**Problem statement:**
Having found the line containing "20일 오후 부산 사직구장에서" in the records below, copy that line and each later one exactly, dropping pictures.

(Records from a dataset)
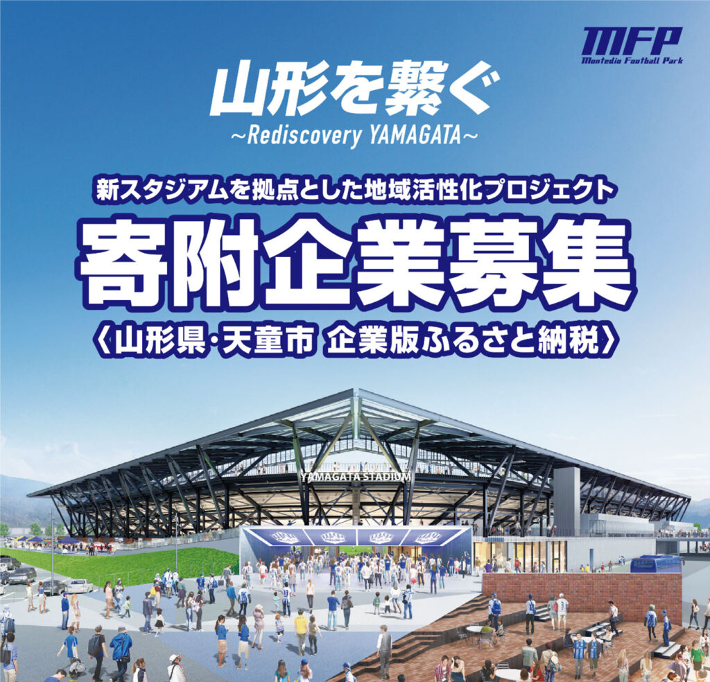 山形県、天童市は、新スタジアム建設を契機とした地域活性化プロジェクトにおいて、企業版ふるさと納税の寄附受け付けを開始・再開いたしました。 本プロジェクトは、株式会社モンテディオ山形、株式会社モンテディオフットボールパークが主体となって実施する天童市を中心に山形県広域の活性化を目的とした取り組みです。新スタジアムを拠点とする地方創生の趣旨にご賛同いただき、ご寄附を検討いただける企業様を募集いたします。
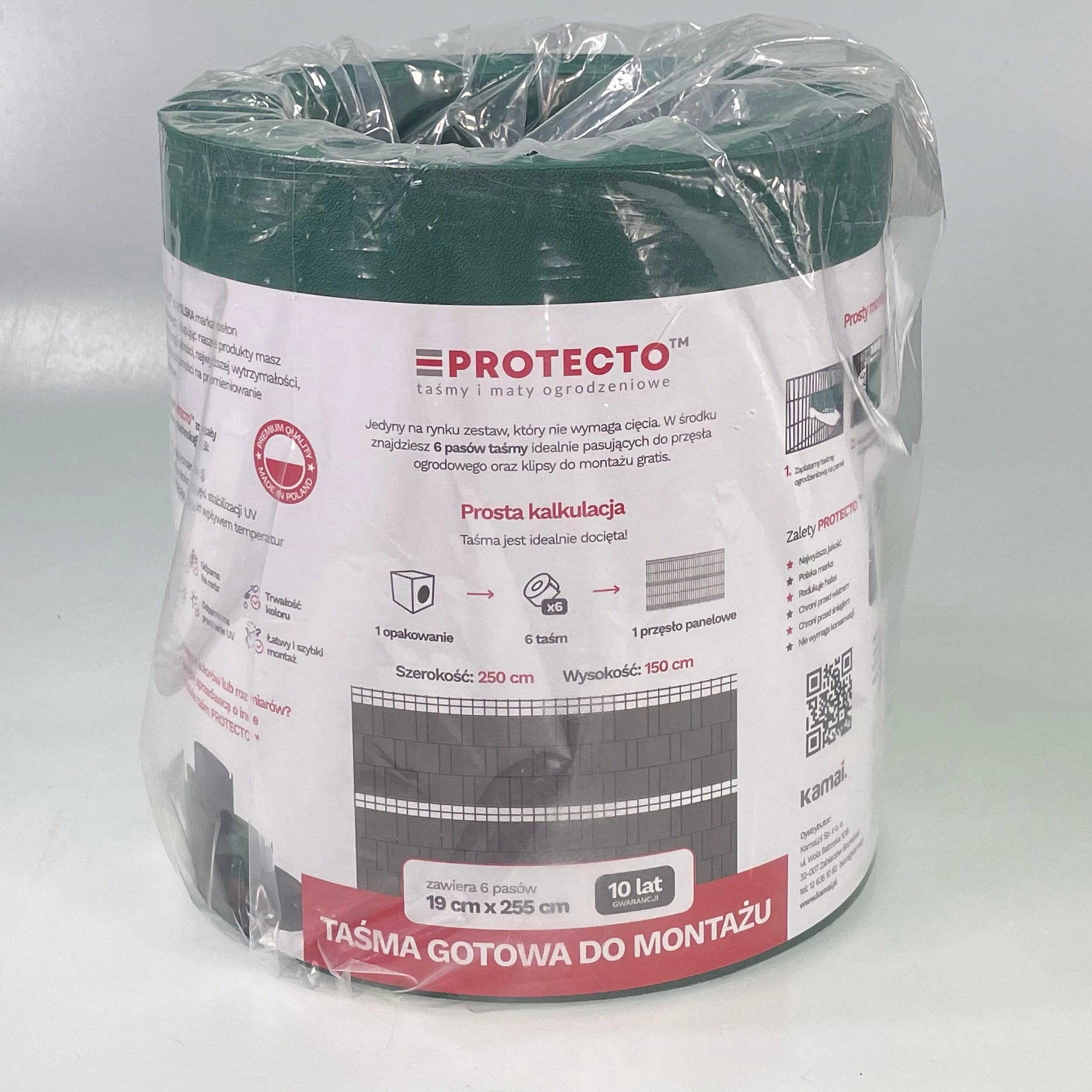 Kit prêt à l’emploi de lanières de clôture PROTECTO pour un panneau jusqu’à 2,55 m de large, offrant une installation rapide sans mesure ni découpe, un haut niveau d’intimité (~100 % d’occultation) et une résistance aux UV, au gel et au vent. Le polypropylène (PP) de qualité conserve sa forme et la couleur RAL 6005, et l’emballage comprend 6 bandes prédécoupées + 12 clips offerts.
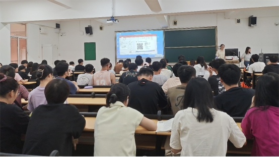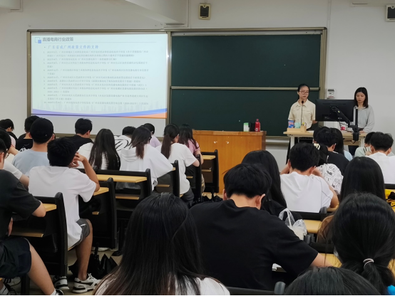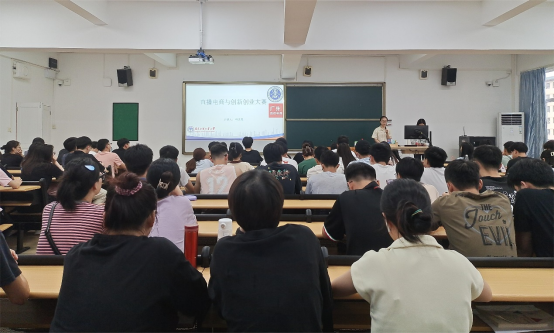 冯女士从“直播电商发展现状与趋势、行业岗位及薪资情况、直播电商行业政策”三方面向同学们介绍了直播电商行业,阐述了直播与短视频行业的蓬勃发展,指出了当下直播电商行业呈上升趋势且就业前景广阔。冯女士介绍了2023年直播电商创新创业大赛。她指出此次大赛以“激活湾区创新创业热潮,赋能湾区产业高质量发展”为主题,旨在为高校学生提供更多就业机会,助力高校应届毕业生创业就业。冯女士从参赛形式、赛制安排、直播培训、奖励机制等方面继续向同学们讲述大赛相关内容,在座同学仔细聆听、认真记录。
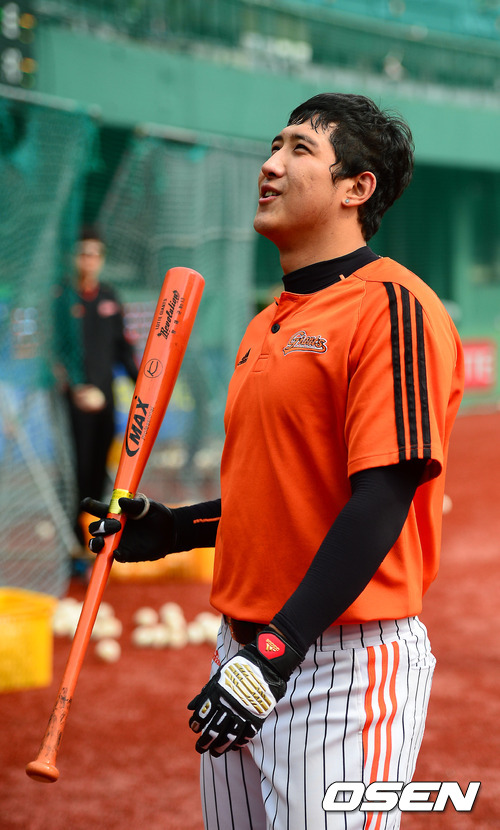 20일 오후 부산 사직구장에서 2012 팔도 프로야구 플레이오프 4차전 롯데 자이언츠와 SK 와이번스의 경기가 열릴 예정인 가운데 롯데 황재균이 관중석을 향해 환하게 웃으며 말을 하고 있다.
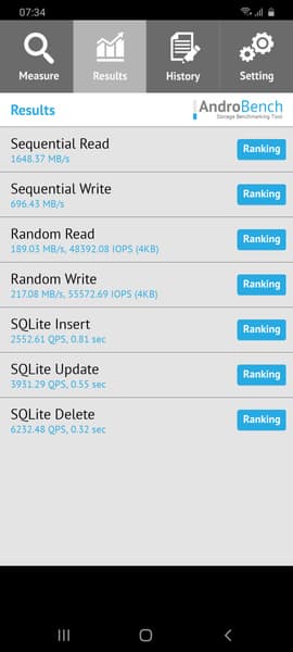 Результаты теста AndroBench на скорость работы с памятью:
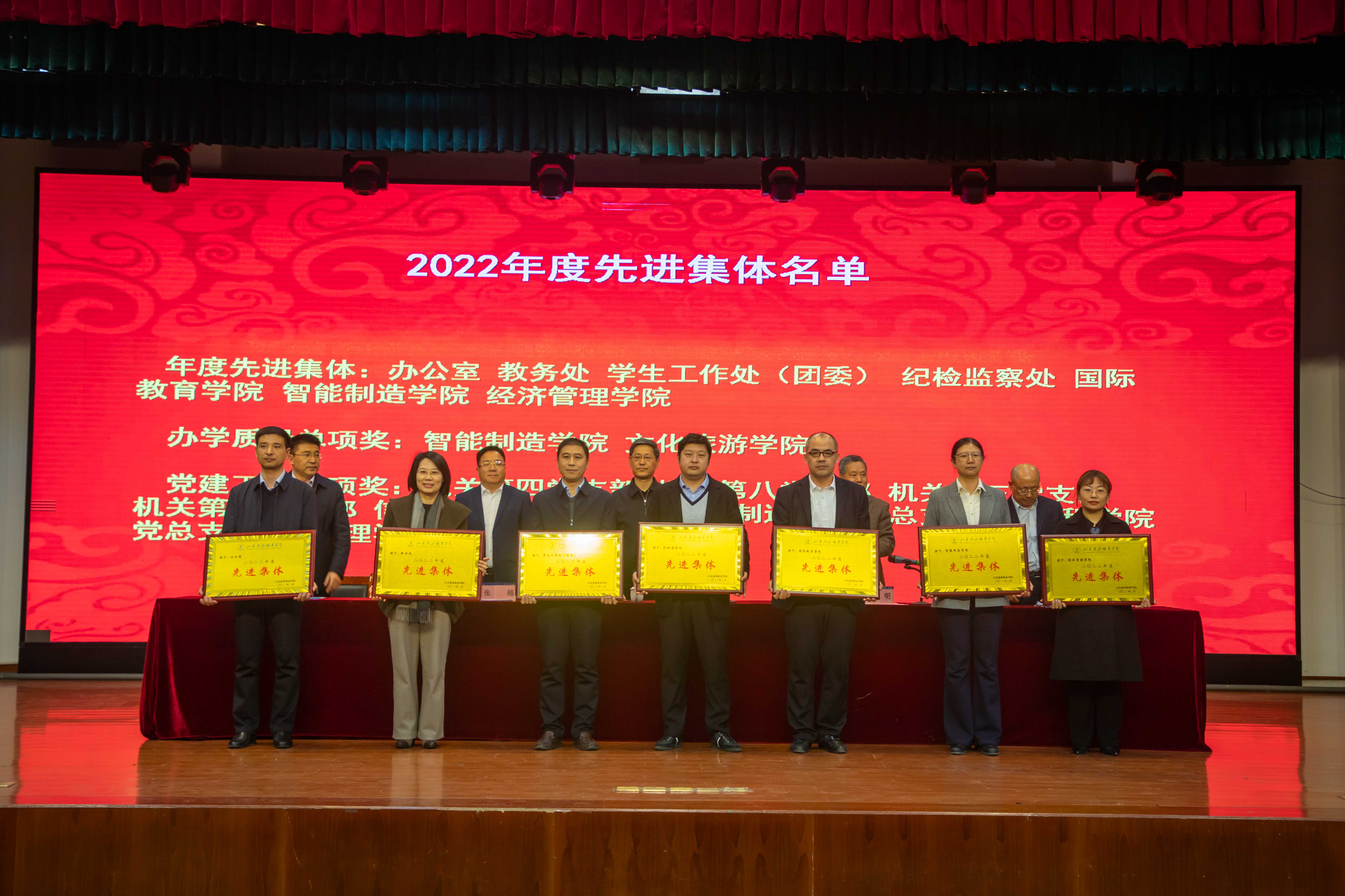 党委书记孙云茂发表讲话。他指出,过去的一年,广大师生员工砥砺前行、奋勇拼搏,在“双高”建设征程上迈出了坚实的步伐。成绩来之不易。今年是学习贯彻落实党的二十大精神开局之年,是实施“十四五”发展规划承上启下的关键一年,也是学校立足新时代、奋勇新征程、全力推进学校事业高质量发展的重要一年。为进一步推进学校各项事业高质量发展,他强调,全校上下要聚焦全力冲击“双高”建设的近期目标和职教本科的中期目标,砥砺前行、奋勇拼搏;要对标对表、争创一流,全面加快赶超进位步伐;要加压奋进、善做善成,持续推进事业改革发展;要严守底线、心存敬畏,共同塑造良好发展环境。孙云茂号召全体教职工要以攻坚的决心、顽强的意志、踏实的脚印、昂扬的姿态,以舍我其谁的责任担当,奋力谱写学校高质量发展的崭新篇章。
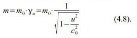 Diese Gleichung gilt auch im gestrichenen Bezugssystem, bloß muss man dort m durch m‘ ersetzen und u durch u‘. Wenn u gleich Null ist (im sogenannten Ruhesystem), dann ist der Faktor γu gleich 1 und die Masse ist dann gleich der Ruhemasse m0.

**Output for this task:**
 20일 오후 부산 사직구장에서 2012 팔도 프로야구 플레이오프 4차전 롯데 자이언츠와 SK 와이번스의 경기가 열릴 예정인 가운데 롯데 황재균이 관중석을 향해 환하게 웃으며 말을 하고 있다.
 Результаты теста AndroBench на скорость работы с памятью:
 党委书记孙云茂发表讲话。他指出,过去的一年,广大师生员工砥砺前行、奋勇拼搏,在“双高”建设征程上迈出了坚实的步伐。成绩来之不易。今年是学习贯彻落实党的二十大精神开局之年,是实施“十四五”发展规划承上启下的关键一年,也是学校立足新时代、奋勇新征程、全力推进学校事业高质量发展的重要一年。为进一步推进学校各项事业高质量发展,他强调,全校上下要聚焦全力冲击“双高”建设的近期目标和职教本科的中期目标,砥砺前行、奋勇拼搏;要对标对表、争创一流,全面加快赶超进位步伐;要加压奋进、善做善成,持续推进事业改革发展;要严守底线、心存敬畏,共同塑造良好发展环境。孙云茂号召全体教职工要以攻坚的决心、顽强的意志、踏实的脚印、昂扬的姿态,以舍我其谁的责任担当,奋力谱写学校高质量发展的崭新篇章。
 Diese Gleichung gilt auch im gestrichenen Bezugssystem, bloß muss man dort m durch m‘ ersetzen und u durch u‘. Wenn u gleich Null ist (im sogenannten Ruhesystem), dann ist der Faktor γu gleich 1 und die Masse ist dann gleich der Ruhemasse m0.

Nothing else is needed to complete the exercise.